§ GOAL OF THE EXERCISE
Output exactly, and only, the lines below from the one with "然后我们再输入cache ,立刻下方也就" down to the one with "Red Fair Isle)". Include both end lines and no pictures.

§ RECORDS PROVIDED

* * * *

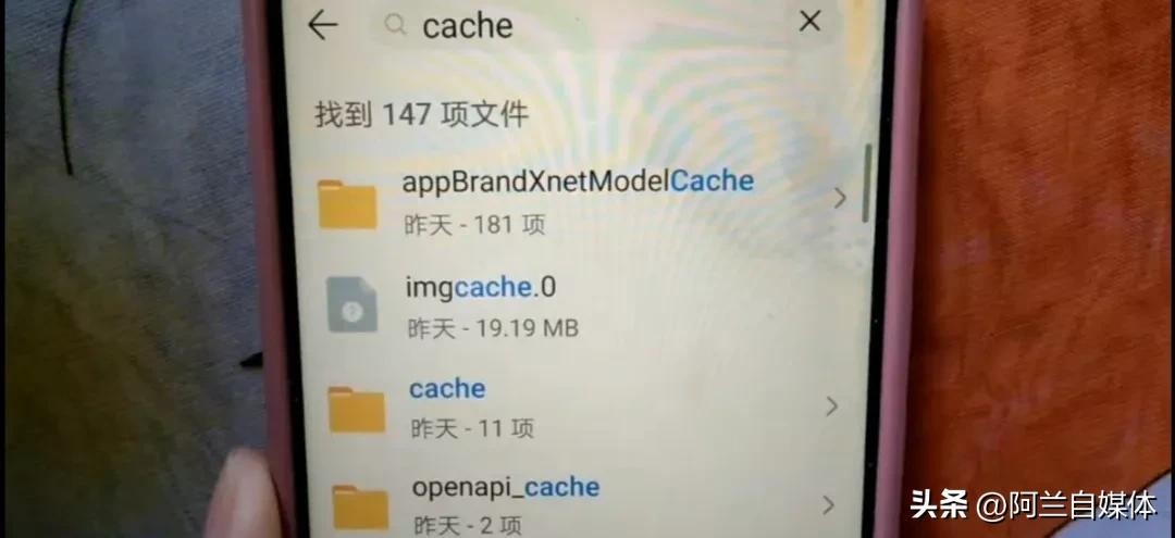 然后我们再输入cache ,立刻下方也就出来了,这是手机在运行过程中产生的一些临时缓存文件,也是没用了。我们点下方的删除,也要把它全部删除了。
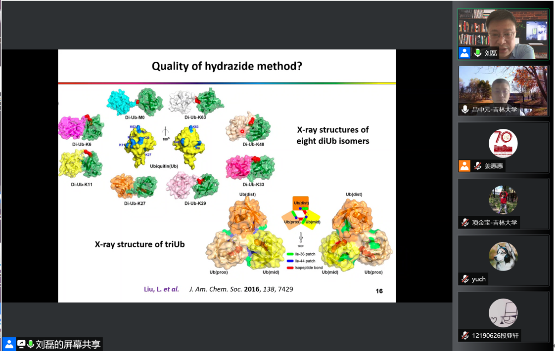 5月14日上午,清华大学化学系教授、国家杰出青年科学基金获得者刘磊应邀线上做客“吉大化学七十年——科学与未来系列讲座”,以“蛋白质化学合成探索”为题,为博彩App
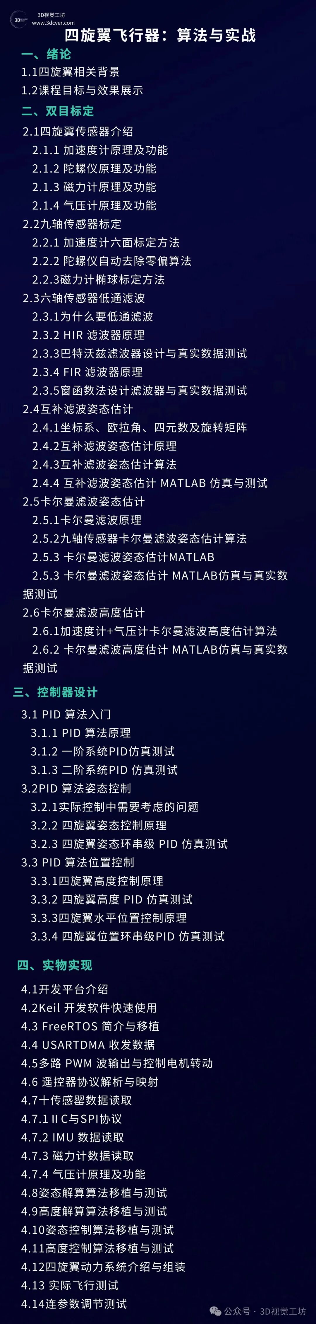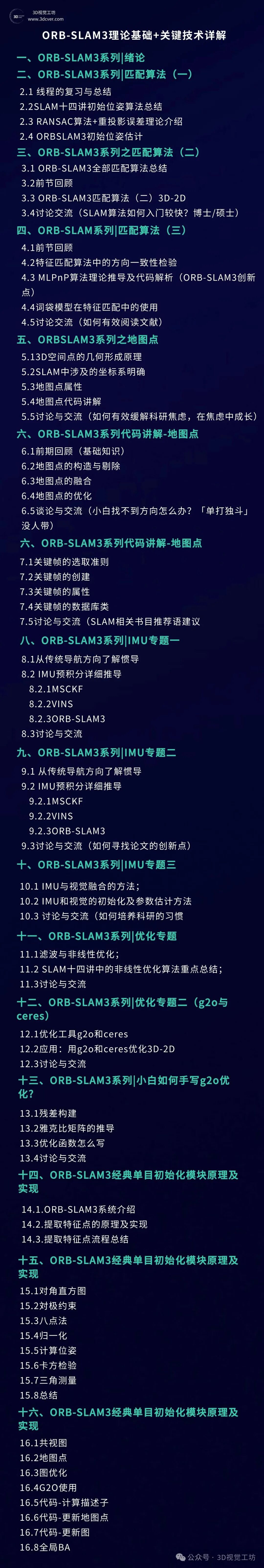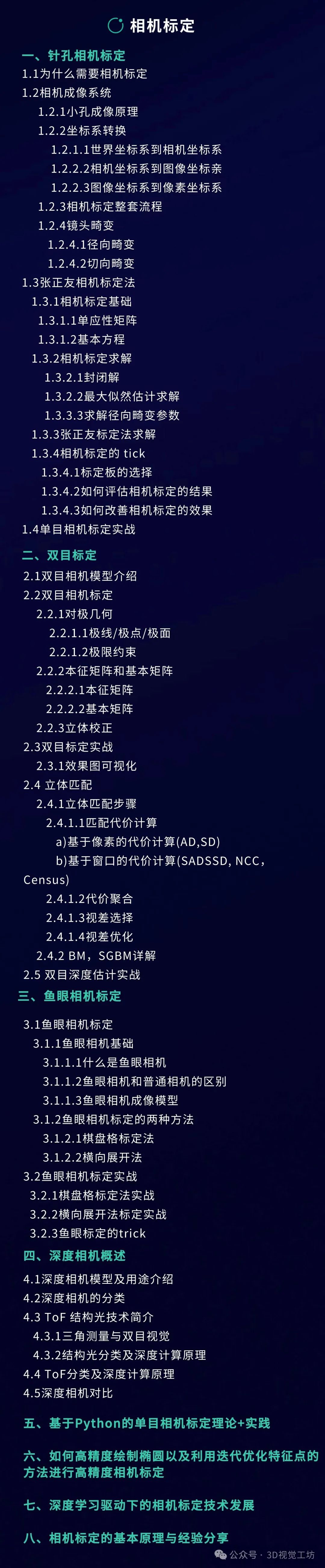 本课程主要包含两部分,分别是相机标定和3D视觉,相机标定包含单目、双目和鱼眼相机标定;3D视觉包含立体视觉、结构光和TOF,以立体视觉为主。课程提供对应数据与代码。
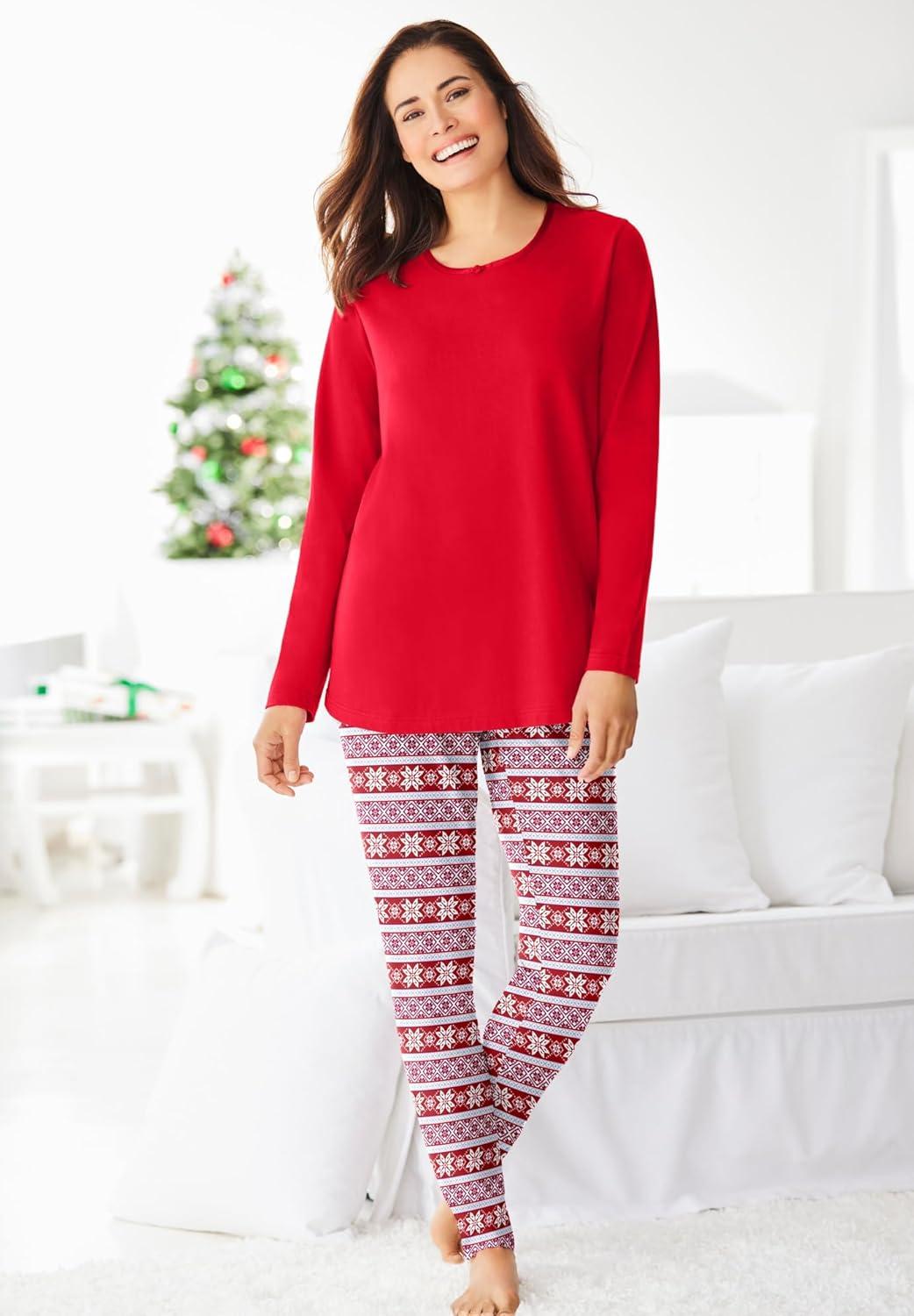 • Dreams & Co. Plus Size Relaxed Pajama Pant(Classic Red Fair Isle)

* * * *

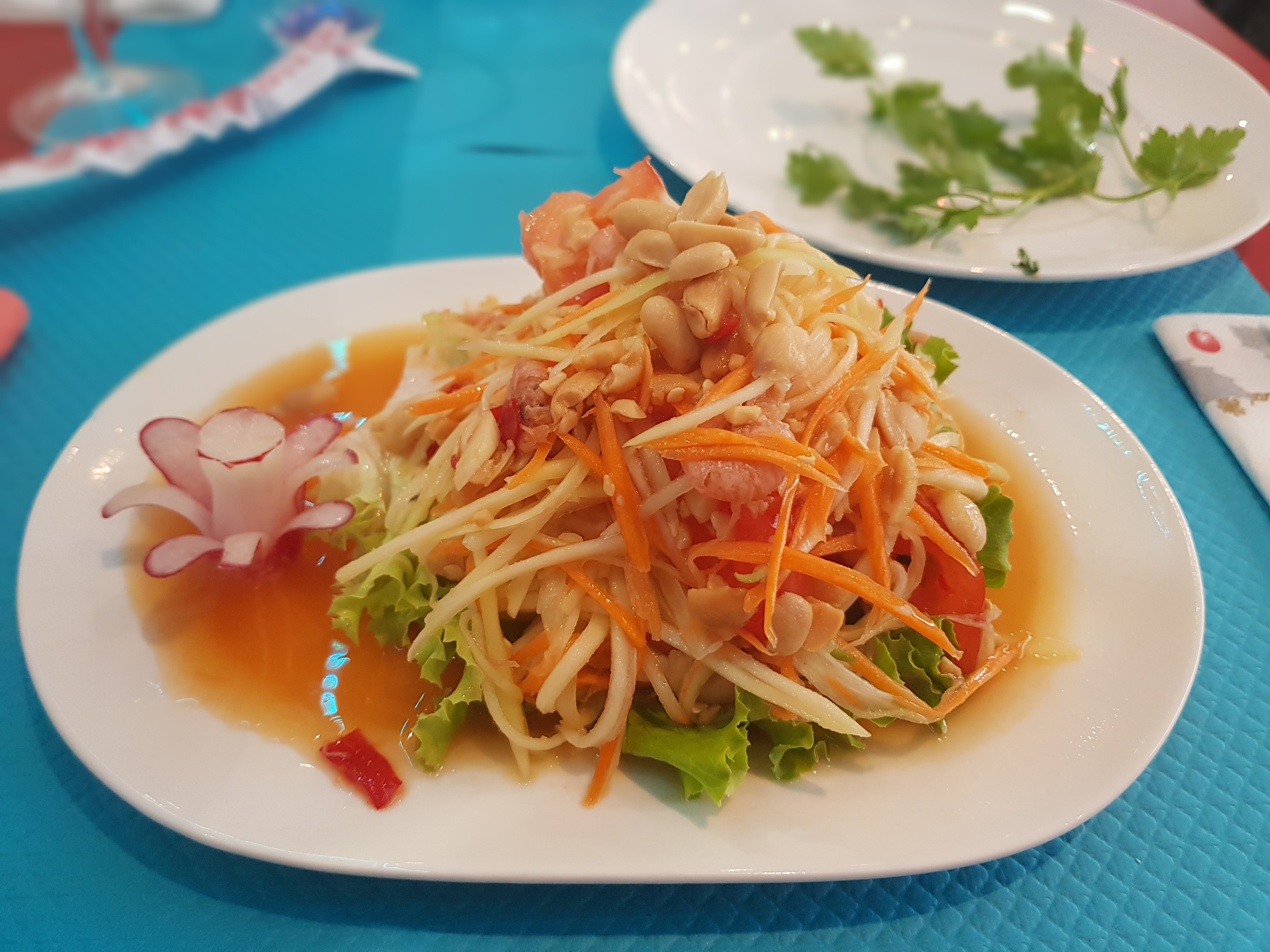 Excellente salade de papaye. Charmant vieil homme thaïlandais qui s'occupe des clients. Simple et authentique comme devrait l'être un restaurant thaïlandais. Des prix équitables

* * * *

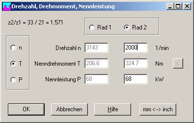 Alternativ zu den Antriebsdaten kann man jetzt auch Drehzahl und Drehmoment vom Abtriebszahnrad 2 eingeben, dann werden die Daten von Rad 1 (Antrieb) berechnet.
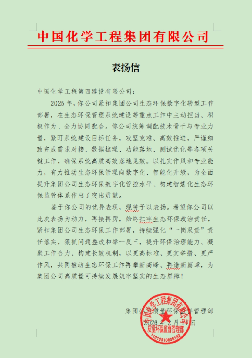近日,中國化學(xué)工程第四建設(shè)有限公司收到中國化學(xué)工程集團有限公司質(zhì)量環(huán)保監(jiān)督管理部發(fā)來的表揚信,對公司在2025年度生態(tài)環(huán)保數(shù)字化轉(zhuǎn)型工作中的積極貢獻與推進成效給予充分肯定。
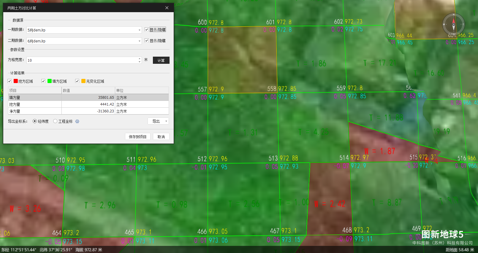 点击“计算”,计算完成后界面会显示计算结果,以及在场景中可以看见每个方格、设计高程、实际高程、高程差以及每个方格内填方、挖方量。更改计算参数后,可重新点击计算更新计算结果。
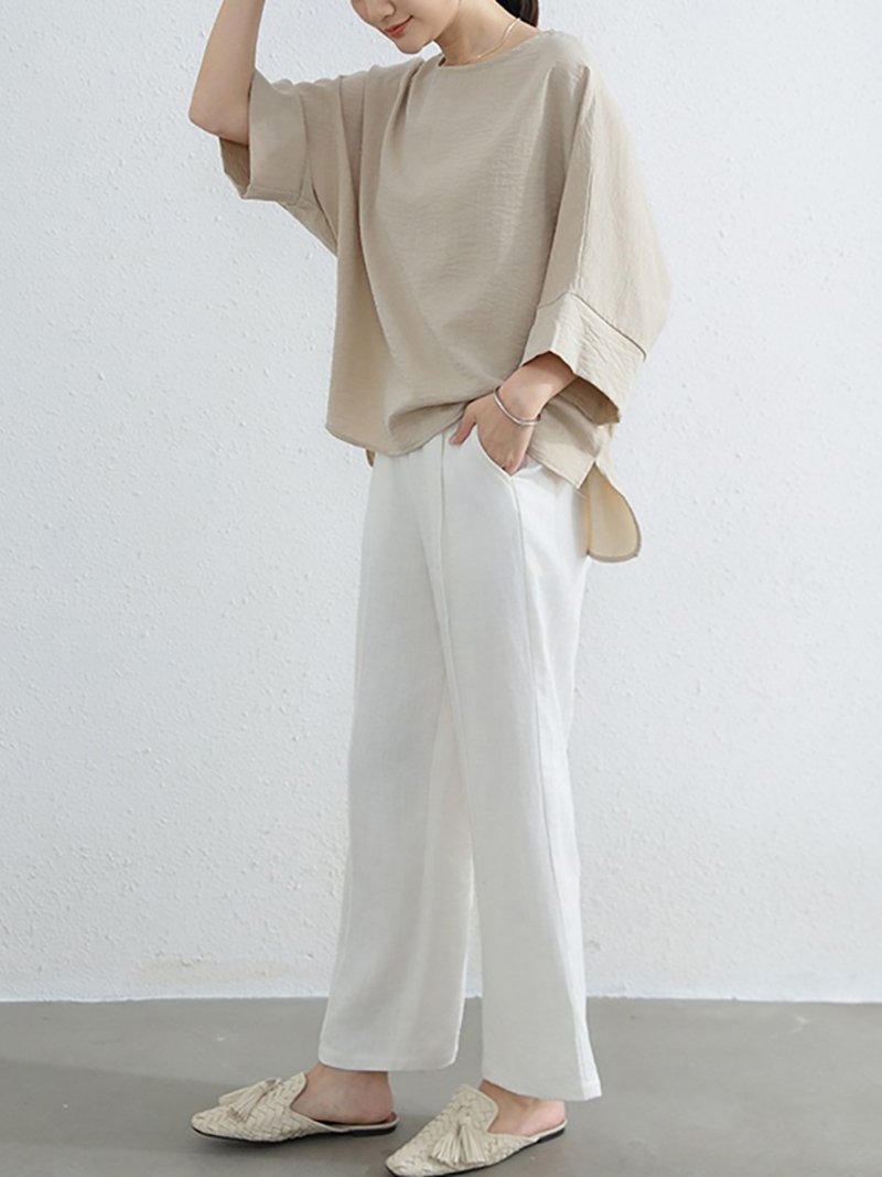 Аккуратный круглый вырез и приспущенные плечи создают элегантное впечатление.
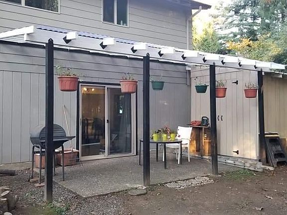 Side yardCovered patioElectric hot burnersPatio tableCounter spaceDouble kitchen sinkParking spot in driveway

* * * *

§ EXERCISE ANSWER
 然后我们再输入cache ,立刻下方也就出来了,这是手机在运行过程中产生的一些临时缓存文件,也是没用了。我们点下方的删除,也要把它全部删除了。
 5月14日上午,清华大学化学系教授、国家杰出青年科学基金获得者刘磊应邀线上做客“吉大化学七十年——科学与未来系列讲座”,以“蛋白质化学合成探索”为题,为博彩App
 本课程主要包含两部分,分别是相机标定和3D视觉,相机标定包含单目、双目和鱼眼相机标定;3D视觉包含立体视觉、结构光和TOF,以立体视觉为主。课程提供对应数据与代码。
 • Dreams & Co. Plus Size Relaxed Pajama Pant(Classic Red Fair Isle)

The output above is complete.